Hay al menos una verdad eterna que no ha sido todavía consignada por ningún filósofo: donde sea que trabajes, usarás Excel. Al egresar de la carrera de Filosofía, me sentía preparado para discutir sobre las ideas innatas de Descartes, la apercepción pura según Kant, las mónadas leibnizianas y la metempsicosis en Platón, pero me esperaba un reto que en cuatro años no se me había anunciado: aprender Excel.
Ya como licenciado en Filosofía, en mi primer día de trabajo de tiempo completo me enfrentaba a ese extraño mundo de bases de datos, tablas dinámicas y fórmulas complejas, con todo y formatos condicionales. Por un instante fugaz me pregunté si me había equivocado de carrera o de trabajo. Pero la duda desapareció rápidamente: confiaba en mi plasticidad cerebral, entrenada por 4 años de ejercicios de declinaciones en griego y latín, ejercicios silogísticos en clase de lógica clásica y tablas de verdad en lógica simbólica. Resultó que mi formación en lógica, más allá de enseñarme a identificar un silogismo Barbara de un Baralipton, tenía beneficios bien directos para el uso de Excel. En pocas semanas ya dominaba el lenguaje básico y algunos colegas incluso me buscaban pidiendo una clase rápida de cómo hacer merges para mandar correos personalizados.

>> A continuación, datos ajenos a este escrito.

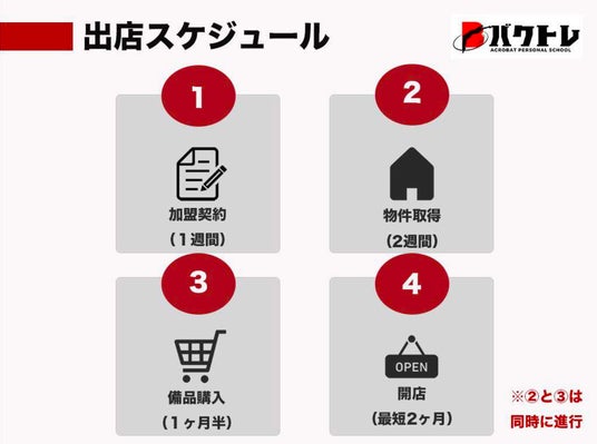 「アクロバットで人生を豊かに」という理念のもと、バクトレを展開しています。バク転を通して、高度な集中力とメンタルを鍛えるだけでなく、自分に自信をつけられる習い事として子供から大人まで幅広い層に通っていただいています。ここ数年間で直営店、一部FCの運営を続けてきたことにより、ノウハウの蓄積、FCを広げるための準備を行ったことで皆様に安心してこのバクトレに加盟していただける環境が整ったと感じております。

También es bien sabido que el mundo laboral transcurre en las bandejas de correo electrónico. No tardé en darme cuenta que escribir un correo claro, cortés, conciso y concreto es un arte que muy pocos dominan en el mundo godín. Cotidianamente se hieren susceptibilidades por un saludo omitido o unas mayúsculas accidentales y se generan malentendidos por expresiones ambiguas o un fraseo torpe. Repentinamente, me encontré frente a correos tan intrincados e ininteligibles como pasajes completos de la Fenomenología del Espíritu de Hegel. Y en esto también descubrí que no estaba mal preparado. Si había logrado entender a Hegel, el correo de contabilidad detallando el proceso de alta de un proveedor no era un rival tan digno como los textos del idealismo alemán.
Aparentemente, romperme la cabeza escribiendo una tesis sobre la cláusula de la catarsis trágica en la Poética de Aristóteles me había dado una estructura mental muy útil para expresar ideas tanto simples como complejas. Descubrí otra verdad: los filósofos sabemos expresarnos, y expresarnos bien, algo que me evitó muchos malentendidos y contratiempos y me permitió mantener relaciones productivas con las demás áreas con las que trabajaba.
Es cierto que estudiando Filosofía uno no aprende habilidades técnicas. Pero las técnicas evolucionan y se vuelven obsoletas. Quizás en 5 años otra plataforma de bases de datos dominará las oficinas del mundo, y haber tomado un semestre de Excel habría sido entonces un desperdicio de tiempo y dinero. En el caso de Excel, lo que dijo el ingeniero y poeta Gabriel Zaid lo confirmé en carne propia: “No se aprende antes de ejercer: se aprende ejerciendo.” A final de cuentas, una de las habilidades más importante para sobrevivir en el mundo laboral es un criterio independiente y adaptable. Pocas carreras pueden jactarse de entrenarlo a un nivel tan alto como Filosofía.